10 Comics to Fill the Game of Thrones-Shaped Void in Your Life
Main Art by Esad Ribic/ Sana Takeda/ Jerome Opeña & Matt Hollingsworth
Whether you found last night’s Game of Thrones series finale to be a well-earned payoff to nearly a decade of dedicated viewing or you feel like your time was wasted harder than King’s Landing after a Drogon visit, any regular viewer of HBO’s A Song of Fire and Ice adaptation suddenly has a GoT-shaped void in their weekly media consumption. HBO is racing to fill it with upcoming spins on Watchmen and His Dark Materials, sure, but we have a different suggestion: why not pick up a comic book instead?
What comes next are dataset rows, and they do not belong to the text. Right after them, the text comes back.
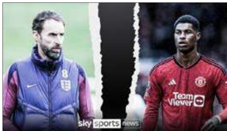
Henderson(L) & Rashford (R)

Henderson joined Al-Ettifaq in Saudi Arabia from Liverpool last summer but left them to join a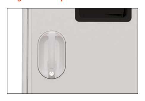
Premium, total white entry handle for comfortable, ergonomic operation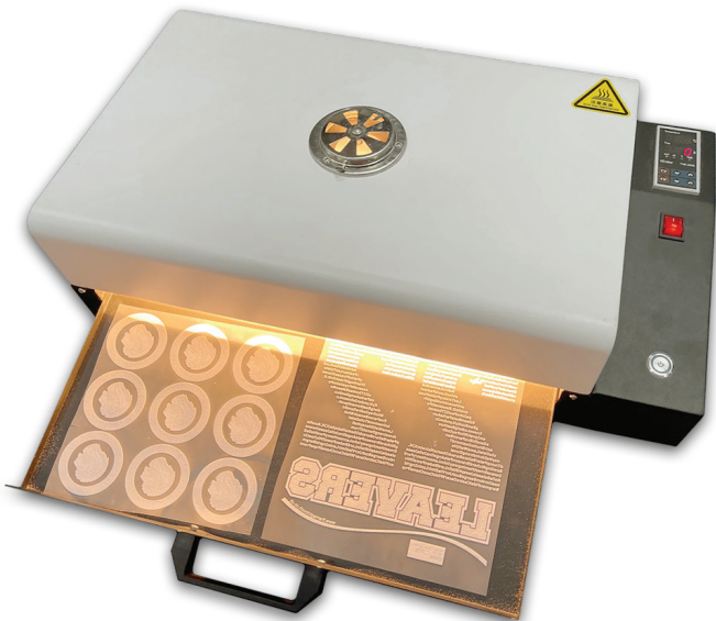
Manual Curing Oven

Whilst we attempt to give guidance on cost per transfer it's always been dependent on the image size, number of colours and what image is to be printed. However, the installed DTFMagic RIP enables every job to be accurately costed prior to printing, whether it be one or multiple images. A good example is a 60mm full colour round logo would cost less than 5p each!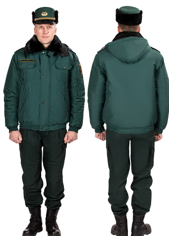
STATE BORDER GUARD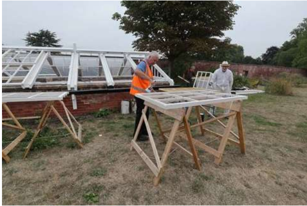
Painting frames – 2 undercoats and 3 top coats each!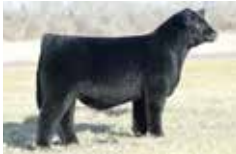
FIRES ZION 17H ET Sire of Lots 36 & 37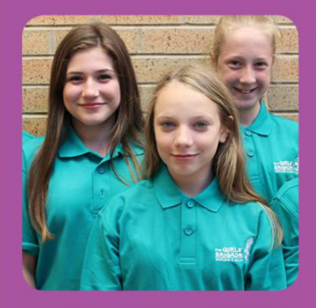
Trustee Board Recruitment Pack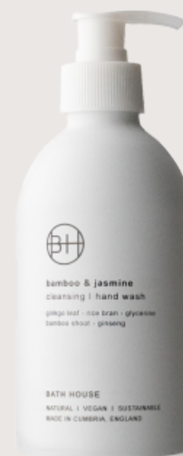
Hand Wash 300ml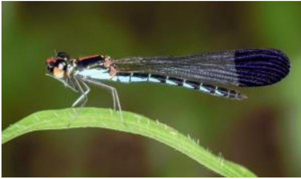
Figure 5.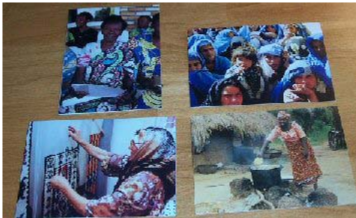
Project Independence Women Survivors of War Note Cards

100% of the proceeds from your purchases will be forwarded to SIA HQ for this project. Everyone is encouraged to join in this important Quadrennial Project.

The 10 comics below all share key themes or approaches with George R.R. Martin’s tale of Starks, Lannisters and Targaryens, and all of them are waiting for you right now at your local comic shop, book store or preferred digital retailer. Just promise us you won’t lay waste to entire cities if you don’t end up liking our suggestions.
Coda
Writer: Simon Spurrier
Artist: Matías Bergara
Publisher: BOOM! Studios
Simon Spurrier has an established track record with the strange and unusual, from The Spire to Cry Havoc to The Dreaming, the crown jewel of DC Comics’ Sandman Universe. In the pages of BOOM! Studios series Coda, Spurrier teams with Cannibal artist Matías Bergara for another strange adventure, this time a high-fantasy tale of the post-magic apocalypse—a glorious world of elves, bards and dragons laid to waste by a bizarre catastrophe. Spurrier and Bergara deliver a surreal mix of strange faces and places that blends the over-the-top fantasy aesthetics of Dungeons & Dragons with the ecological wastelands of Mad Max, complete with Spurrier’s unmistakable flair for clever dialogue and a surly hero whose intentions are often just as bad as his attitude. Bergara in particular does stunning color work; the world of Coda feels warm and vibrant and weirdly inviting despite the circumstances, and remains engaging even in its gruesome moments. If you liked GoT’s occasional overtures at dark humor, Coda may be the fantasy pick for you. C.K. Stewart & Steve Foxe
Conan the Barbarian
Writer: Jason Aaron
Artists: Mahmud Asrar & Gerardo Zaffino
Publisher: Marvel Comics
Robert E. Howard’s Cimmerian warrior has persisted far beyond most of his pulp peers, with a storied Marvel Comics run decades ago and a full 15 years of adventures at Dark Horse Comics, and now some of Marvel’s biggest creators are starting the saga all over again, just in time for aimless Game of Thrones fans to jump over. It’s impressive that Jason Aaron even has barbarian stories left to tell, after an era-defining run on Thor and an all-too-brief sojourn to The Goddamned, but Conan feels like Aaron unchained, lifted up by stellar work from regular artist Mahmud Asrar (one of the few interior artists who could stand up against the sheer awe of Esad Ribic’s painted covers) and guest artist Gerardo Zaffino. The core Conan title is a series of standalone outings linked by an evil plot and prophecy, and while it lacks the expansive cast of GoT, it has a similarly lived-in, brutal fantasy world, where danger and death lurk around every corner. Marvel also has Savage Sword of Conan and Age of Conan: Bêlit, Queen Of The Black Coast filling out shelves, if one taste isn’t enough for you.
Eternal
Writer: Ryan K. Lindsay
Artist: Eric Zawadzki
Publisher: Black Mask Studios
Eternal is a special book. Written by Beautiful Canvas co-creator Ryan K. Lindsay, drawn and lettered by The Dregs breakthrough artist Eric Zawadzki and colored by Rednecks colorist Dee Cunniffe, Eternal tells the story of an isolated band of shieldmaidens who refuse to cede their land to invading men, and of their leader who will stop at nothing to preserve her way of life—or avenge it. If you think you’ve read this Viking story before, you haven’t—or at least not executed on the level at which Zawadzki and crew operate. Eternal was publisher Black Mask Studios’ first entry into the original graphic novel format, with a page count that allows Lindsay, Zawadzki and Cunniffe to orchestrate a symphony of snowy violence and Viking vengeance that demands its oversized space on your shelf. If you’re looking for a done-in-one reading commitment, Eternal should be your first pick. And if you desperately need more Vikings after this, consider Vertigo’s much longer Northlanders.